D. Selling shareholders
Not applicable.
E. Dilution
Not applicable.
F. Expenses of the issue
Not applicable.
ITEM 10. ADDITIONAL INFORMATION
A. Share capital
Not applicable.
B. Memorandum of association and bye-laws
The following description of our memorandum of association and bye-laws does not purport to be complete and is subject to, and qualified by reference to, all of the provisions of our memorandum of association and bye-laws.
General
We are an exempted company limited by shares incorporated under the laws of Bermuda. We are registered with the Registrar of Companies in Bermuda under registration number 33273. The rights of our shareholders will be governed by Bermuda law and by our memorandum of association and bye-laws. Bermuda company law differs in some material respects from the laws generally applicable to Delaware corporations. Below is a summary of some of those material differences.

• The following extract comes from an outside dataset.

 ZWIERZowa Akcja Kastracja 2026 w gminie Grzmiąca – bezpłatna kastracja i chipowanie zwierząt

Because the following statements are summaries, they do not discuss all aspects of Bermuda law that may be relevant to us and to our shareholders.

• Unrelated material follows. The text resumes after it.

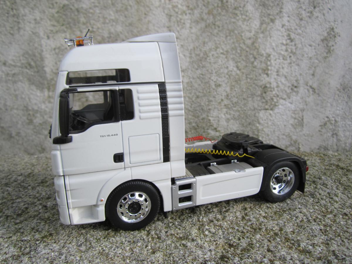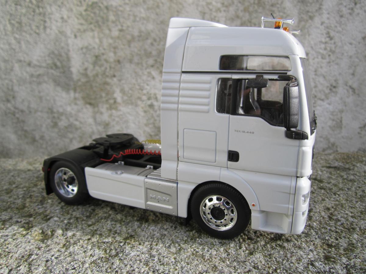 Man tgx 18.440 modifié , gyrophares x 2 , klaxon x2 , phares de travail arrière, disques vitesse, plaques immatriculation FR , flexible d'air ,antenne radio ,peinture moyeux de roues ,vendue en boite .

Share capital and bye-laws
Our share capital consists of common shares only. Our authorized share capital consists of 5,171,949,000 common shares of par value US$0.001 per share. As of March 6, 2025, there are 51,309,776 common shares outstanding. All of our issued and outstanding common shares are fully paid and non-assessable. We also have an employee incentive program (LTIP Employees and LTIP Executives), pursuant to which we have granted share awards to our executive officers and employees. See “Item 6. Directors, Senior Management and Employees.”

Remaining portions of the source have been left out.